Fig. 6: Relating regional gene expression with connectivity across species identifies potential connectivity driver genes, where cell-type-specific analysis reveals a conserved inhibitory mechanism across species and connection modality.
figure 6

a Mouse source and target connectivity is significantly correlated for GI (Spearman r = 0.65, p-value = 0.04), but not for AI (r = 0.08, p-value = 0.82). b Mouse SC source and target connectivity are not significantly correlated to Human FC (Spearman; AI: source r = 0.22, p-value = 0.54, target r = 0.22, p-value = 0.54; GI: source r = 0.22, p-value = 0.54, target r = − 0.05, p-value = 0.89). c Overlap of respective top and bottom 1% of genes correlated to connectivity across species (Mouse SC source/target and Human FC). d Brain-related associations of overlapping genes in c (total of 26 genes for AI, 21 genes for GI; see Supplementary Data 7 for summary). e Cumulative distribution of correlation coefficients resulting from the correlation of cell-type-specific gene expression and Mouse SC (sources/targets) across excitatory and inhibitory cell types for AI and GI. Kolmogorov–Smirnoff tests revealed significant differences for AI and GI (p-value ≤0.0001) between excitatory and inhibitory cell types for within source and target connectivity, respectively. In addition, significant differences (p-value ≤0.0001) between source and target connectivity within excitatory and inhibitory neurons, respectively, were found for both AI and GI. f Selection of correlation coefficients of human genes with homologs in the top/bottom 1% correlated genes in the mouse. Analysis is based on direction of correlation in the mouse dataset (top: Top 1%, bottom: Bottom 1%), mouse SC type (left: Sources, right: Targets), cell type of origin (color) and connected region (AI, GI). Significance was tested by one-sample t-test against zero (chance level). *p-value ≤ 0.05, **p-value ≤ 0.01, ****p-value ≤ 0.0001.

To assess the relationship between gene expression and connectivity, we extracted expression data of major excitatory and inhibitory cell types of the 10 subcortical consensus areas for which expression data is available from Zeisel_201837 (Mouse) and Hawrylycz_2012.20,21 (Human) (Supplementary Data 5). These were correlated with FC and SC within humans and mouse, respectively (see Supplementary Data 6 for Top and Bottom 1% correlated genes). To identify potential basic driver genes for insular connectivity (i.e. those conserved across the available mouse structural and human functional connectivity data), we determined the overlap between human and mouse datasets. This resulted in a total of 26 genes for AI (Fig. 6c, left) and 21 genes for GI across mouse sources and targets (Fig. 6c, right; see Supplementary Fig. 2 for source- and target-specific analysis and Supplementary Data 7).

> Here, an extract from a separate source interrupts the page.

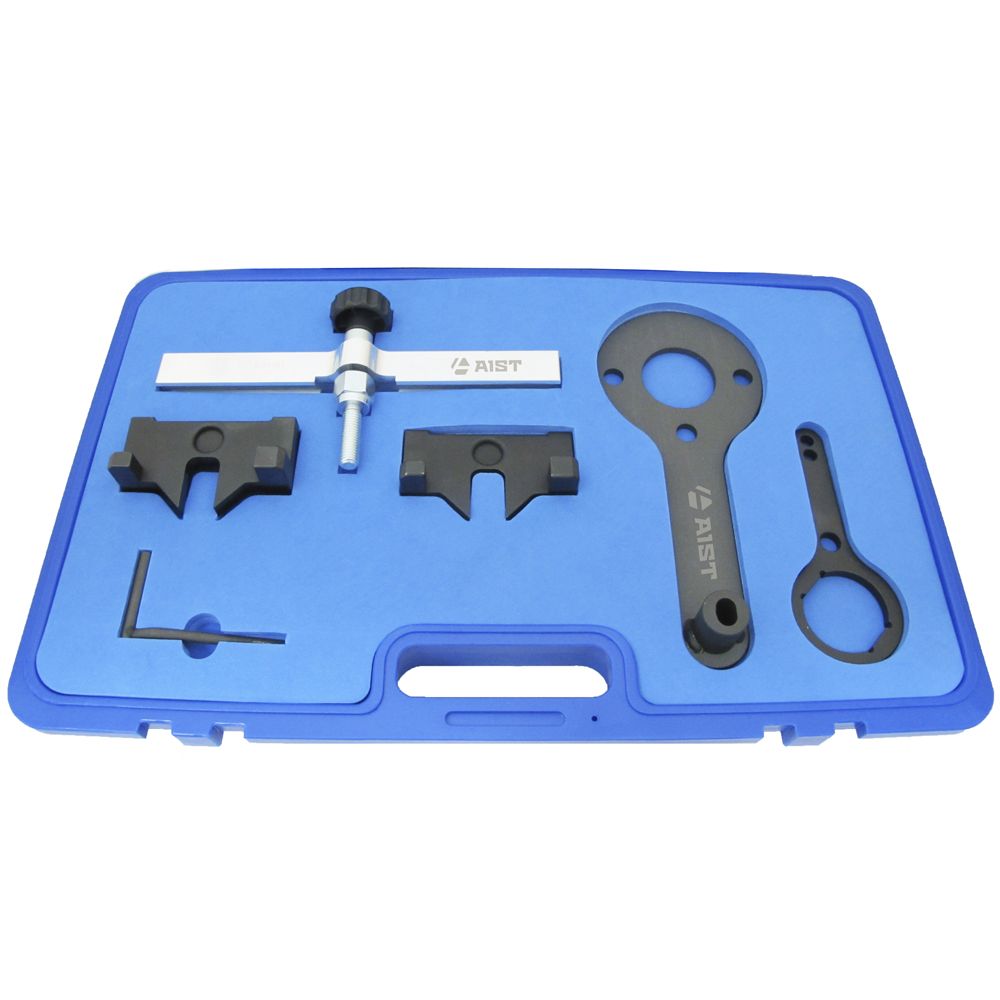 Набор фиксаторов грм BMW для N63 используется для фиксации распределительного и коленчатого валов при ремонте двигателя и настройке системы газораспределения на двигателях BMW N63/S63/N74 и для cинхронизации VANOS. BMW N63 - это двигатель с турбонаддувом DOHC V8, который выпускается с 2008 года по настоящее время. S63 - это подразделение BMW N63, дебютировавшее в BMW X6M. В набор входит два приспособления для распредвалов для фиксации их в положение ВМТ во время сборки. Штифт коленчатого вала ВМТ для выравнивания маховика в положении ВМТ. Инструменты синхронизации VANOS: три прибора, необходимые для синхронизации системы VANOS.
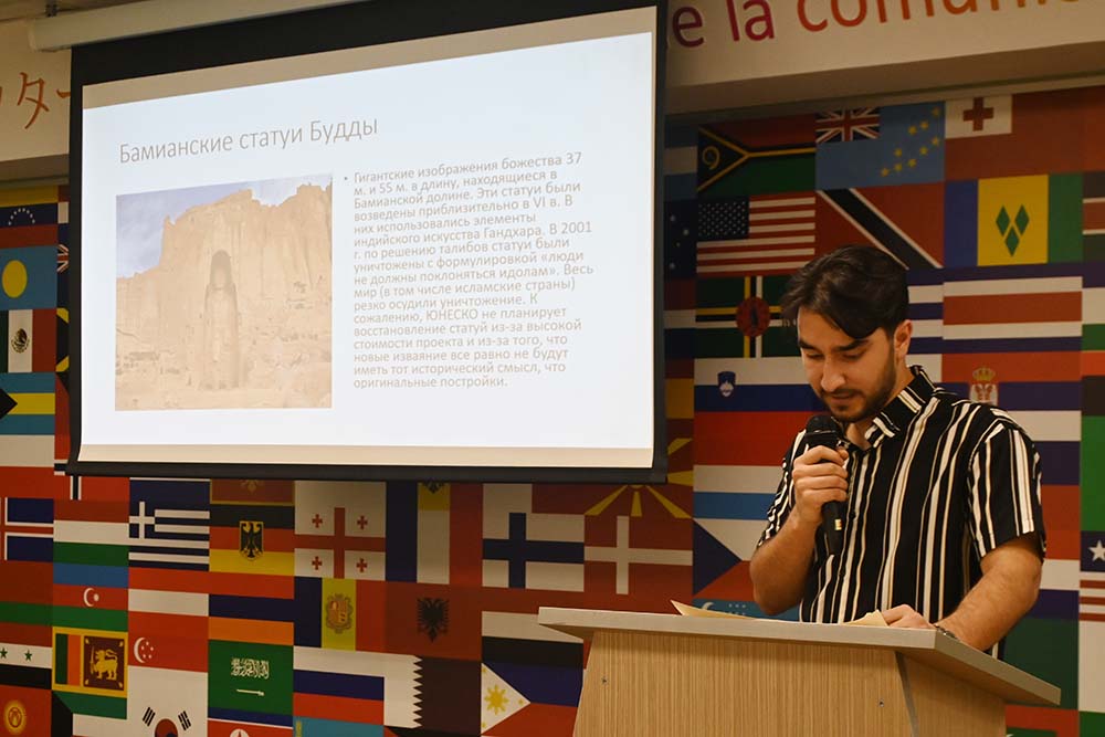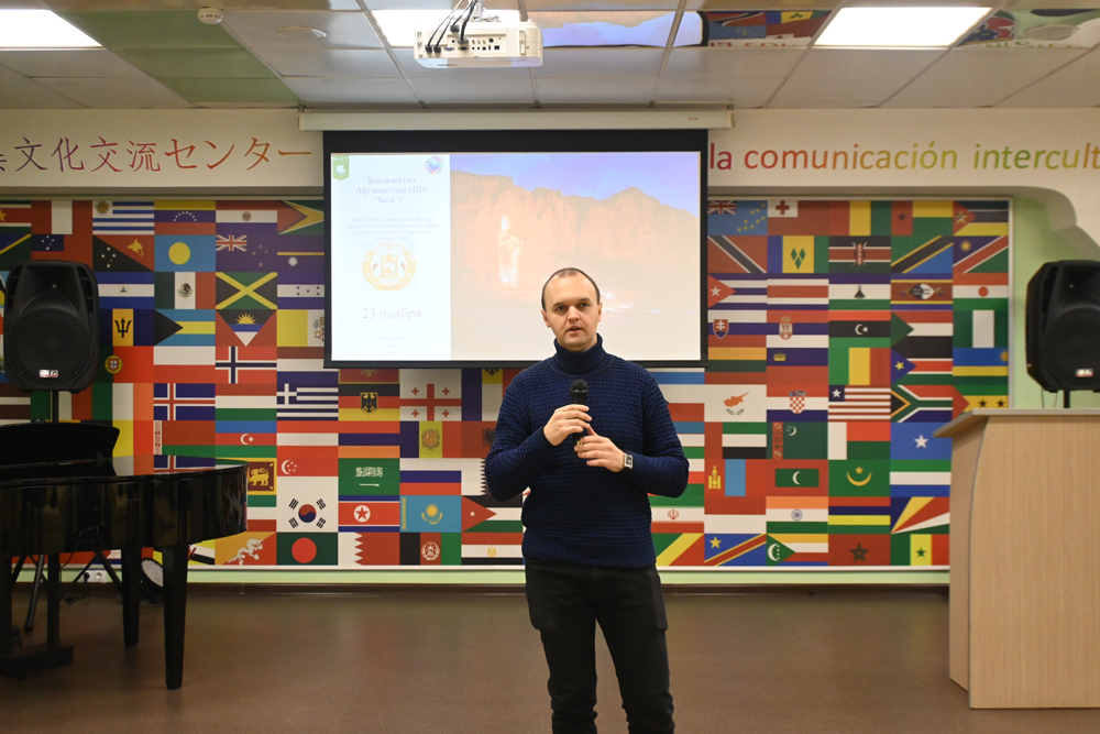 Доцент кафедры международных отношений, зарубежного регионоведения и политологии ИМКиМО, куратор землячества Афганистана Андрей Урывский в приветственном слове пожелал мира народу этой страны. Староста землячества Варис Мансур обратил внимание на значение мероприятия, призванного привлечь внимание к историческому и культурному наследию Афганистана.

Association analysis for brain-related categories on these genes in Open Targets 74 suggests that they are involved in processes relevant to psychiatric conditions (Fig. 6d). In this context, our workflow recovered several genes previously associated with autism (AI: 4 genes; GI: 2 genes) and schizophrenia (AI: 8 genes; GI: 6 genes) (see Supplementary Data 8). Among the positively correlated we find attractin-like 1 (ATRNL1) specifically for AI, a gene previously found to be mutated in a human patient diagnosed with autism75. The estrogen receptor 2 (ESR2), which is among few genes with a link to schizophrenia, was found to have switched from a strong positive correlation for AI (sources) in mouse to a strong negative correlation in humans (Supplementary Data 8). We also detected several genes previously not linked to brain-related disorders, potentially identifying novel genetic factors that contribute to dysconnectivity phenotypes.

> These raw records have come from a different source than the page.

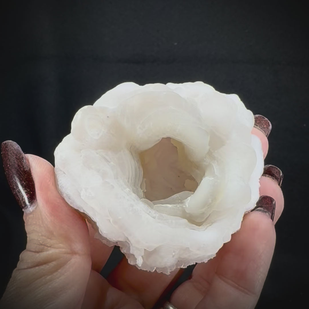 A silicone-based mineral closely related to quartz and agate, Chalcedony has a unique crystalline structure that gives it an enormously variable appearance. This mineral forms in a similar fashion to agates and geodes but due to heat and pressure at the time of formation results in a distinct look and almost silky texture. Chalcedony can be found in a range of colors but most often occurs in semitransparent or white. It has a long archaeological record of human use as a cutting or carving tool, dating back as far as 32,000 BC. Chalcedony has a number of forms that are also considered gems of their own, such as agates, carnelian, and onyx. These unique, highly variable Chalcedony spheres or roses are almost geode-like in appearance and one can clearly see the process of geode or agate formation in progress in each specimen.
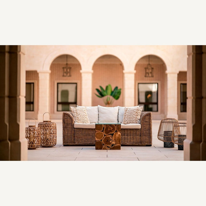 struttura in bambù, rattan e vetro
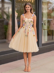 3D Flower Tulle Midi Lace-Up Back Sweetheart Neckline Spaghetti Straps Party Dresses Homecoming Dress Prom Dress
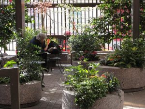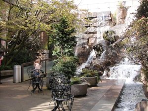 与消防队员雕塑马路一隔,有一个用铁栏杆围起来的小公园,叫瀑布园(waterfall Garden Park), 里面假山小桥流水,格局不大却颇有点苏州园林的味道。
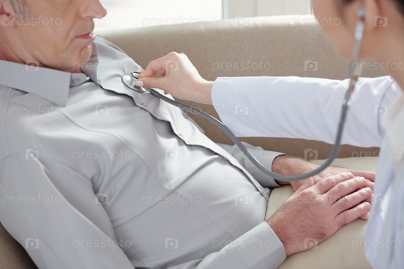 Доктор слушает дыхание пациента

It is established that brain oscillations are governed by recurrent inhibitory networks76, suggesting that genes expressed in inhibitory neurons might drive FC. To address this systematically, we harnessed the available cell-type-specific gene expression data in the mouse as an entry point. We extracted gene expression data of excitatory and inhibitory cell types from the 10 consensus areas in the mouse using the “Cell type specificity” query (Supplementary Data 5). This approach emphasizes cell-type-specific genes and thus enhances contrast between cell types. We then correlated this expression data to the mouse SC of AI, and GI (sources and targets) to the consensus areas. Interestingly, we found that there is a shift of correlation coefficients obtained towards negative correlations in genes expressed in inhibitory neurons (Fig. 6e). This suggests that inhibitory mechanisms by inhibitory neurons might shape mouse SC.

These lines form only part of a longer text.